Predicting new technology is difficult; however we can be certain that existing ward monitoring technology will be refined, and hardware will be further miniaturised and ultimately there will be universal adoption and growth to improve patient safety outcomes. With growing interest in self-monitoring, it is also likely that perhaps the consumer and asks from our hospitalised patients will lead the way forward in the next five years. A well designed, appropriately powered large randomised trial with the right outcomes will most certainly be that landmark paper that will place continuous blood pressure monitoring on floor patients as part of guidelines documents.
Conflict of Interest
Dr Olsen has no conflict of interest to report.

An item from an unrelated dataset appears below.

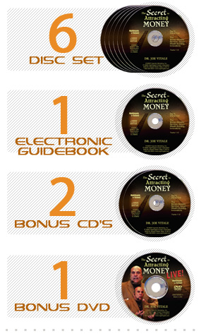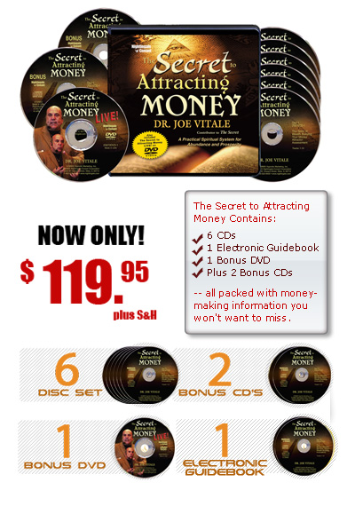 You get all this, the Secret to Attracting Money on six audio CDs, plus the Bonus Gifts consisting of two audio CDs, and one LIVE DVD presentation along with a Surprise Bonus, as yet unrevealed, for the low, low price of only: $119.95! (Plus a nominal S/H charge) – Shipped, straight to your door!

Dr Khanna consults for Edwards Lifesciences, Philips North America, GE Healthcare, Hill-Rom, Potrero Medical, Retia Medical and Caretaker Medical. His institution has current and recent grant funding from Edwards Lifesciences, Caretaker Medical, Potrero Medical and Retia Medical for ongoing investigations on portable monitoring. Dr Khanna is on the executive advisory board for Medtronic. He receives support from the Wake Forest CTSI via NIH/NCATS KL2 for a trial of continuous portable haemodynamic and saturation monitoring on hospital wards. Dr Khanna is a founding member of the BrainX group that conducts education, research, and collaboration on AI techniques in healthcare and has a commercial arm at www.BrainXAI.com.